#### WORK INSTRUCTIONS:
All of the data is to be printed exactly, though the images must be left off.

#### COLLECTED DATA:

※ ※ ※

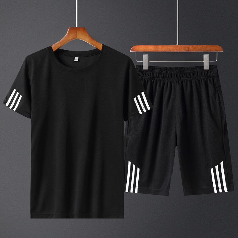 여름 남성용 속건 반팔 반바지 스포츠 세트, 수출용 삼선 세트, 큰 사이즈 캐주얼 투피스 세트, 해외 직구스토어 가기
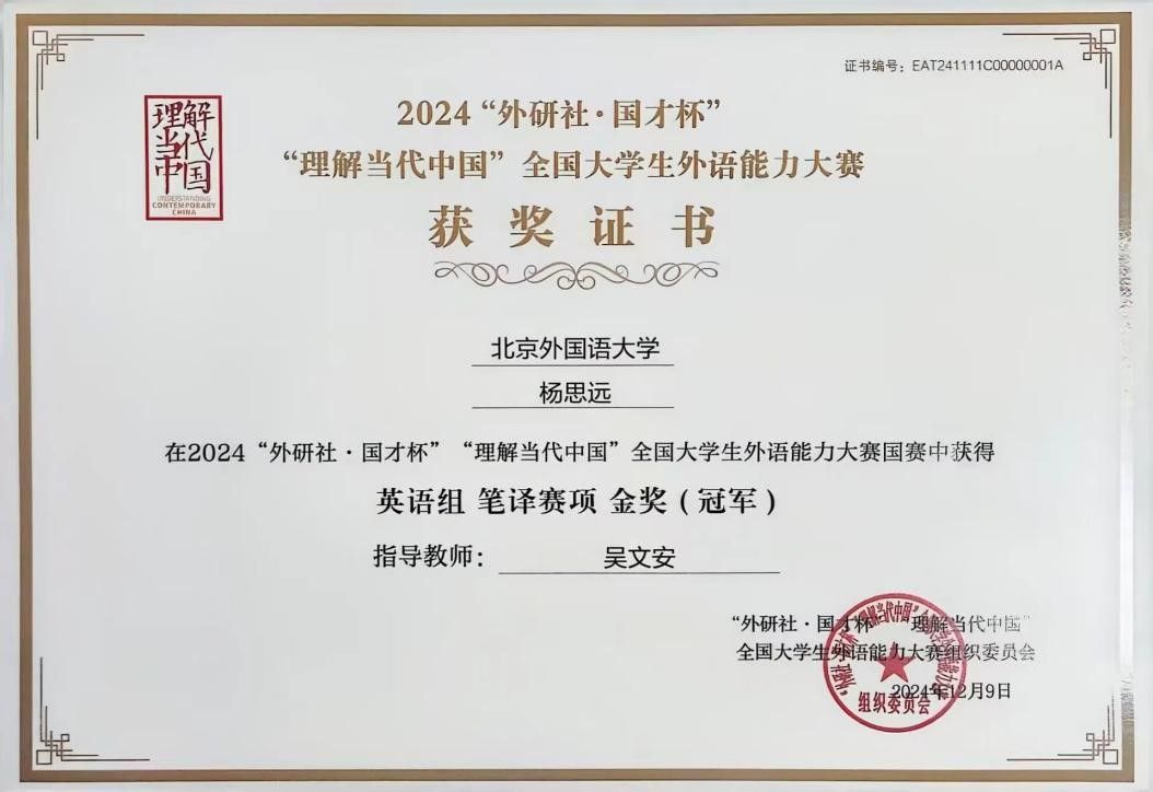 2024“外研社·国才杯”“理解当代中国”全国老员工外语能力大赛英语组笔译赛项国赛于11月23日在线上举行,经过严谨而专业的评判流程,公司威廉体育的杰出员工杨思远脱颖而出,荣膺桂冠。
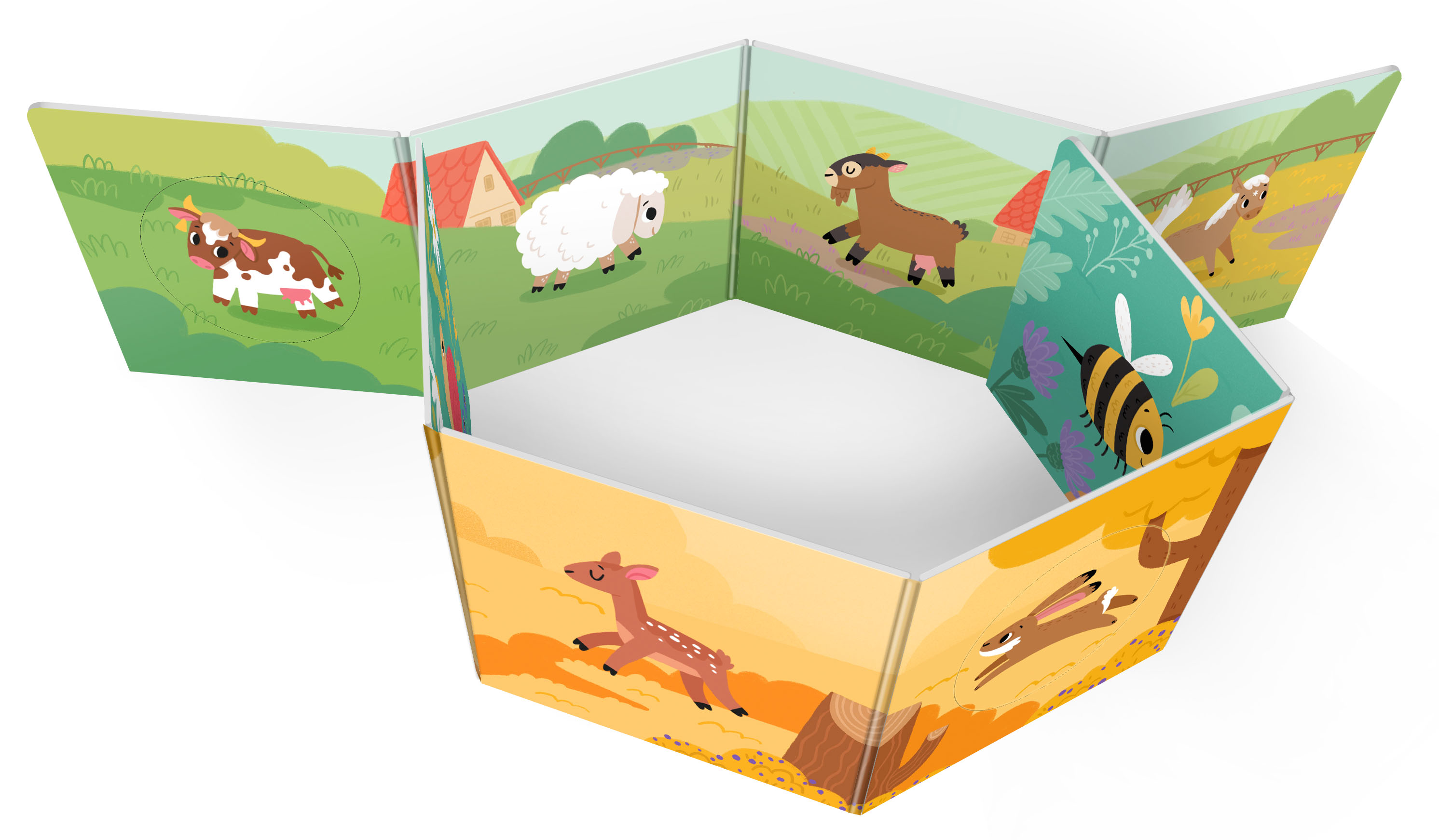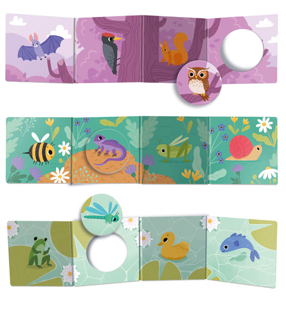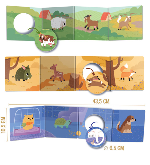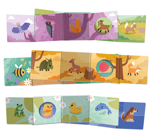 Tři oboustranná harmoniková leporela s okénky a kulatými vkládacími žetony. Každé leporelo se věnuje jinému prostředí - louka, les, pastvina atd. Zde najdete vždy 4 zvířátka; celkem šest prostředí a 24 zvířat.

※ ※ ※

#### SOLUTION FOR THIS TASK:
 여름 남성용 속건 반팔 반바지 스포츠 세트, 수출용 삼선 세트, 큰 사이즈 캐주얼 투피스 세트, 해외 직구스토어 가기
 2024“外研社·国才杯”“理解当代中国”全国老员工外语能力大赛英语组笔译赛项国赛于11月23日在线上举行,经过严谨而专业的评判流程,公司威廉体育的杰出员工杨思远脱颖而出,荣膺桂冠。
 Tři oboustranná harmoniková leporela s okénky a kulatými vkládacími žetony. Každé leporelo se věnuje jinému prostředí - louka, les, pastvina atd. Zde najdete vždy 4 zvířátka; celkem šest prostředí a 24 zvířat.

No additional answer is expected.